As the Omringle HSB silently docked alongside the impossible moon’s inner surface, Carli felt the last pieces of her old life fall away like outgrown clothes. Around her, children who’d spent their lives feeling like aliens finally understood why — they weren’t from this world at all.
Kainon still scowled from across the aisle, but his anger had transformed into something more complex — the fury of someone realizing they’d been homesick their entire life without knowing home existed.
“This is still stupid,” he muttered, but his voice lacked conviction.
“No,” said one of the Kokko sisters gently, “it’s not stupid. You’re just overwhelmed. We all are.”
“I’m not over anything!” Kainon protested, but his voice cracked on the lie.
Ariki looked up from calculations that spiraled into equations describing the mathematics of wonder itself. “According to my calculations,” he said with something approaching awe, “we’ve just traveled approximately 384,400 kilometers in roughly twelve minutes. That’s not just mathematically impossible — it’s cosmically unprecedented.”
“Good thing we’re notta just mathematical,” Guido said with a grin that existed in several dimensions simultaneously.
The music shifted as they glided to a silent stop at the platform — strings and woodwinds joined the brass in rising harmony.

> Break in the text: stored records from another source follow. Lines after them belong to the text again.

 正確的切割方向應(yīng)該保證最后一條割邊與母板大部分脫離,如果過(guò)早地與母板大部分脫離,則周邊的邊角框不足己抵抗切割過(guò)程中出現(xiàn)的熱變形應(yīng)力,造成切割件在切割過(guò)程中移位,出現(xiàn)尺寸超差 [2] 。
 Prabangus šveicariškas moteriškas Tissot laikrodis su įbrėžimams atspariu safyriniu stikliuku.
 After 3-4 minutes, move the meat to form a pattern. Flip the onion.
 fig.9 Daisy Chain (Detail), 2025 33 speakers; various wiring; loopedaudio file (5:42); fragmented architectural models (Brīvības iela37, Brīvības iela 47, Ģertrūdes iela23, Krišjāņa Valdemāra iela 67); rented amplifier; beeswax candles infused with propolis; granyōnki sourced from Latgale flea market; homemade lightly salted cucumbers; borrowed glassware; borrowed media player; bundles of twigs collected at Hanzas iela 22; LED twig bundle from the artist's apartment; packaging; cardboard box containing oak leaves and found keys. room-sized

A voice came over the loudspeaker: "Welcome to Selene Station. Leave your belongings on your seats and listen carefully: Watch your step. Look for your name on a sign. You'll each have your own greeter."
"More new people?" Carli muttered. She felt fine with Guido and Ariki. Anything more sounded unbearable.

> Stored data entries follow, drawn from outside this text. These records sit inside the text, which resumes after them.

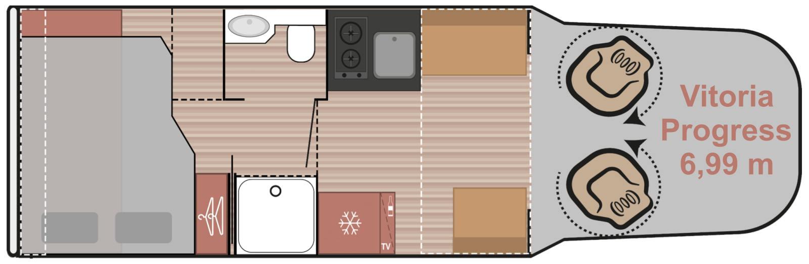 L x l x h : 6,99 x 2,35 x 2,92 m • Porteur/Motorisation : Ford Transit / 2,0 l 130 ch • PTAC : 3,5 T • Charge utile : 474 kg • Places route / nuit : 4 / 4 • Dimensions lit jumeaux de pavillon : 200 / 190 x 90 cm • Volume frigo : 150 l • Volume eau(x) propre/usées : 105 / 100 l • Chauffage : 4000 W au diesel • Tarif de départ 2026 : 66 990 €
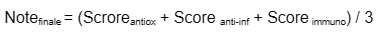 - Chaque paramètre mesuré est converti en score direct (par ex. 80% d’inhibition MDA = 80).
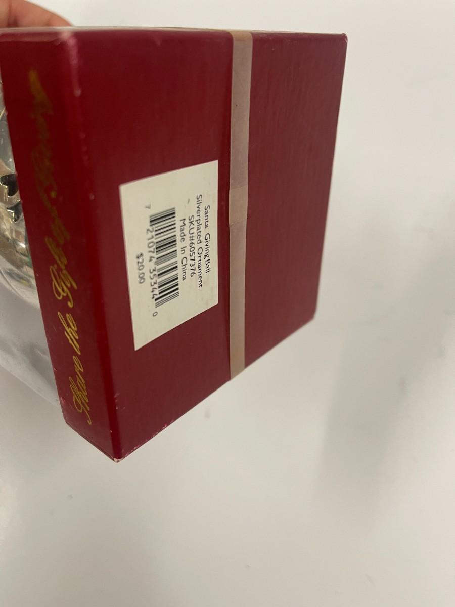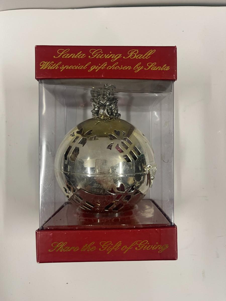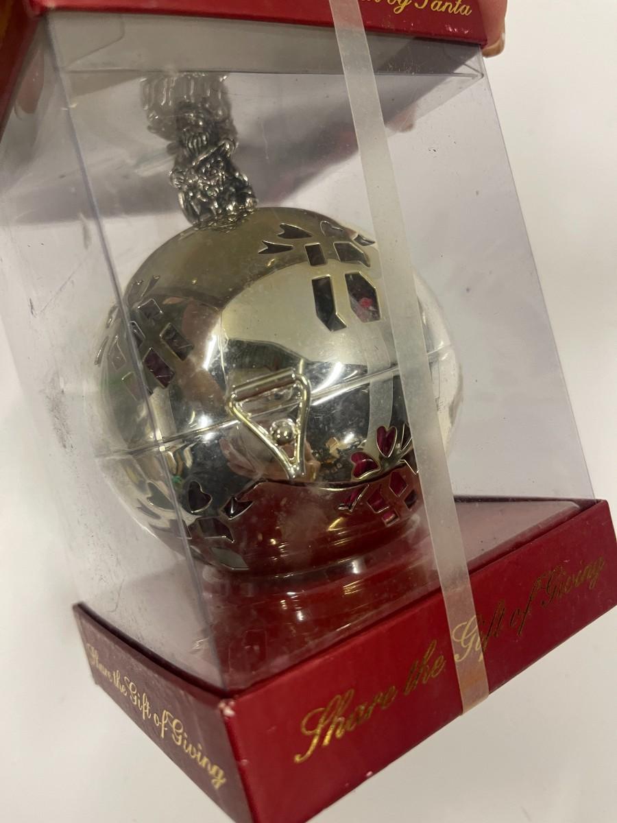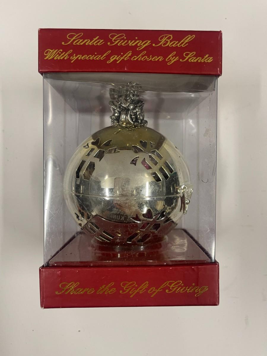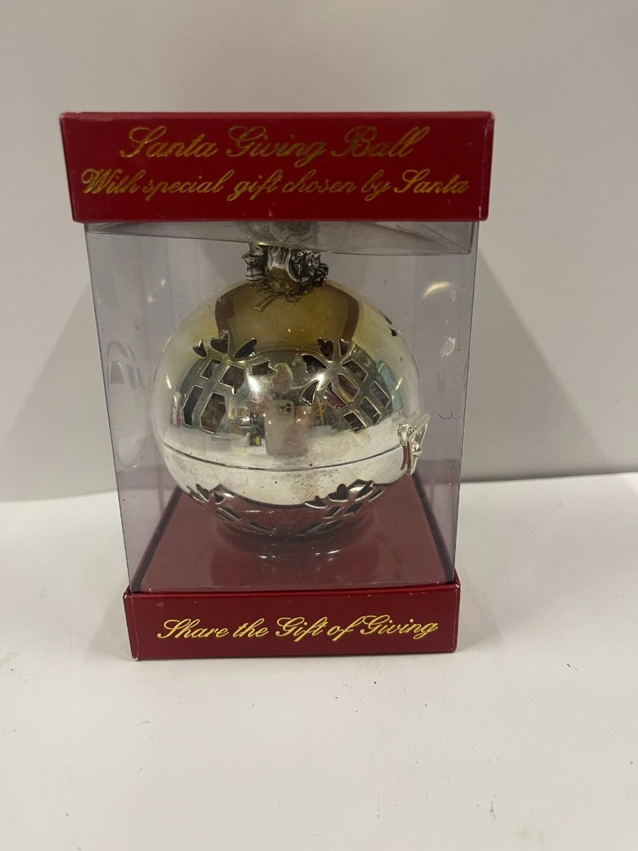 Lenox For the Holidays Santa Giving Ball silverplated ornament, new in box.

The speaker clicked off with a buzz, then came back on: "And don't be late for spa and waterfall pool time. Listen for the departure bells if you want to make it back to earth. One dingaling for the spa, two dingalings for the Omringle HSB. The air is breathable, by the way."
The new friends looked at eachother. Carli smiled and said, “Waterfall pool?” She scanned the inside surface of the outer moon. She spotted saw the green and blue ball of earth glowing on the other side of a wide window.

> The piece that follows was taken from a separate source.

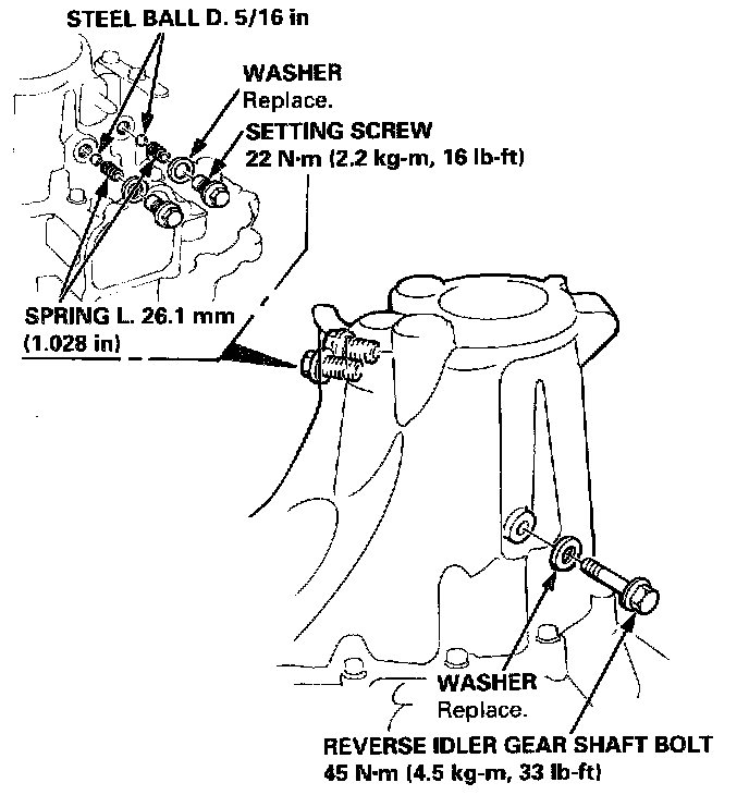 4. Install the reverse idler gear and reverse idler gear shaft in the clutch housing.

Conductor’s voice returned, clear and steady: “Apologies for the technical difficulties. Welcome to Selene Station. Please mind the gap when exiting.”
The sound of buckles unbuckling filled the bus. The doors opened with a soft sigh that sounded like the universe exhaling in relief. Carli realized her life had just divided into two eternities: everything that came before this moment, and everything that would unfold from this moment forward. Nahuálin appeared the moment she stepped onto the platform.
"Surprise, surprise Carli. Guess who your greeter is . . . plus two more."
Someone held a sign at the front of the group of greeters. Carli saw her name, Guido Gustallini and Ariki Pukapuka written in familiar handwriting. The wrinkled face, crinkled eyes and toothy smile peeked over it. It belonged to none other than Frida Fortigrell.
She smiled with relief. "I'm actually really glad, Oll . . . Nahuálin. This is all a bit confusing, and Guido is . . ."
"A Gustallini?" he answered, then called out, "Frida! There you are." He reached out to a woman next to him with long hair that seemed filled with dripping diamonds made of water droplets. "Inanna is coming, too.”
Inanna said, "You'll get to know me, Carli. No rush." The group headed across the impossibly long, wide, and very echoey station platform towards a small tunnel in the distance. The station was surrounded by extraordinarily high gray stone walls with more crater-window views of earth.
Outside, the rolling ball beings of living starlight waited to greet them on the platform that hummed with frequencies older than memory. The air itself sparkled with welcome.
“You ready?” Guido asked, offering his hand — half-solid, half-light, but completely, absolutely real.
“Ready,” Carli said, and stepped onto the surface of an impossible moon, surrounded by friends she was only beginning to understand, about to discover what it truly meant to be an Omringle.
Behind them, the cosmic jellyfish slowly drifted away into the star-scattered deep, carrying with it the echo of children’s laughter and the memory of the day the lost ones finally started for home.